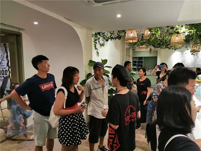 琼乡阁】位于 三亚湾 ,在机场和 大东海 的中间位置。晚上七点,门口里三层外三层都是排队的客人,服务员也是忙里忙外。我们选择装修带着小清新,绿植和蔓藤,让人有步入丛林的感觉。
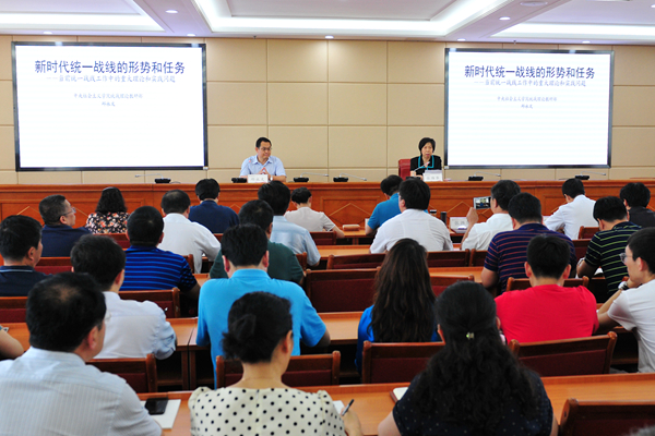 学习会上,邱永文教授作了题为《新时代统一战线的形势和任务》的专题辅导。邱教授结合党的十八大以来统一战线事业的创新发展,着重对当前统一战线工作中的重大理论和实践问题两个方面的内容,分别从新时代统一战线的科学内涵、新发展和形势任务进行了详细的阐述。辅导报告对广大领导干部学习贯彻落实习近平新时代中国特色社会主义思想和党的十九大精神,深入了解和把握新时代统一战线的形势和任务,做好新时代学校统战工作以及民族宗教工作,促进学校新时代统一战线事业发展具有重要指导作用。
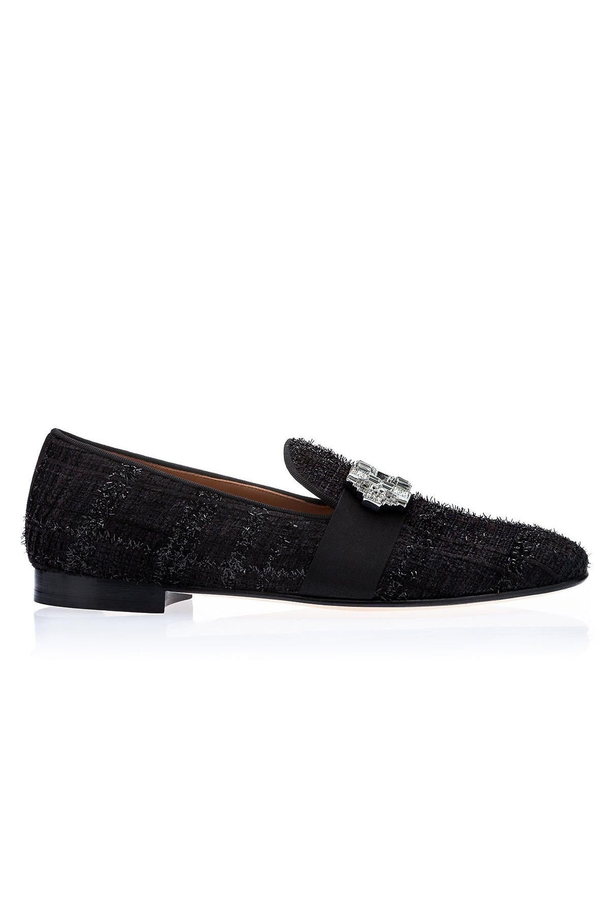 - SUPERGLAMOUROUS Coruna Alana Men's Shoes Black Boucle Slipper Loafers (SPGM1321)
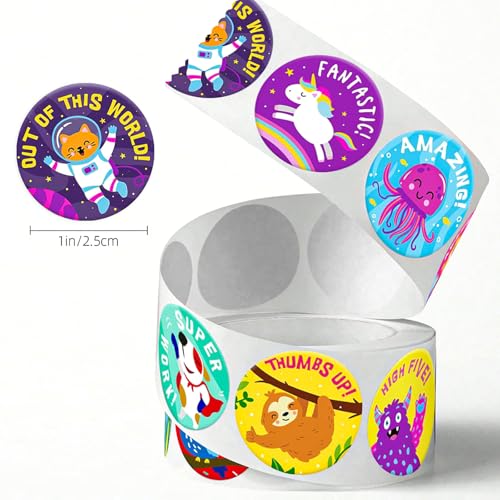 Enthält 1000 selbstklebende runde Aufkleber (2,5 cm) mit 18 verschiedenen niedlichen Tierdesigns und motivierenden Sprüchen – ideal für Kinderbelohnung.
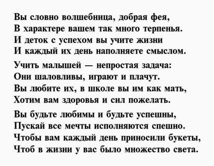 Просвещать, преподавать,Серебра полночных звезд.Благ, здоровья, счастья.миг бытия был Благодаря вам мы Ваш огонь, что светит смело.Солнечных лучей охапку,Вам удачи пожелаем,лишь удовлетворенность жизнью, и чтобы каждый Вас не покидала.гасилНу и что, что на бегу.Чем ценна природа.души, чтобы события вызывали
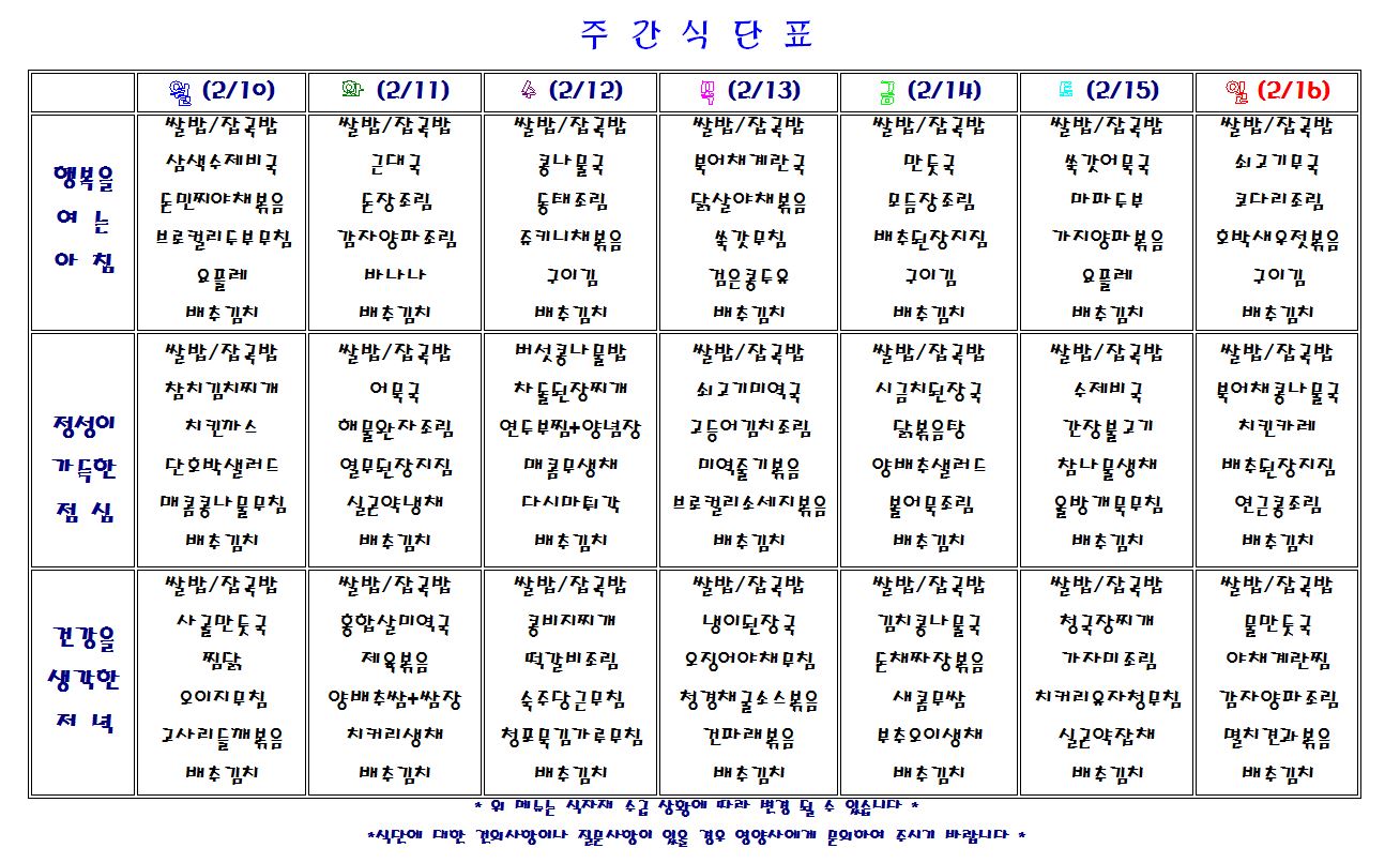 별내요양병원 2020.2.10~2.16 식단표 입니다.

- **Prompt**: Give again, word for word, each line from the one holding "- SUPERGLAMOUROUS Coruna" through the end of the entries, and leave out any picture.

- **Output**:
 - SUPERGLAMOUROUS Coruna Alana Men's Shoes Black Boucle Slipper Loafers (SPGM1321)
 Enthält 1000 selbstklebende runde Aufkleber (2,5 cm) mit 18 verschiedenen niedlichen Tierdesigns und motivierenden Sprüchen – ideal für Kinderbelohnung.
 Просвещать, преподавать,Серебра полночных звезд.Благ, здоровья, счастья.миг бытия был Благодаря вам мы Ваш огонь, что светит смело.Солнечных лучей охапку,Вам удачи пожелаем,лишь удовлетворенность жизнью, и чтобы каждый Вас не покидала.гасилНу и что, что на бегу.Чем ценна природа.души, чтобы события вызывали
 별내요양병원 2020.2.10~2.16 식단표 입니다.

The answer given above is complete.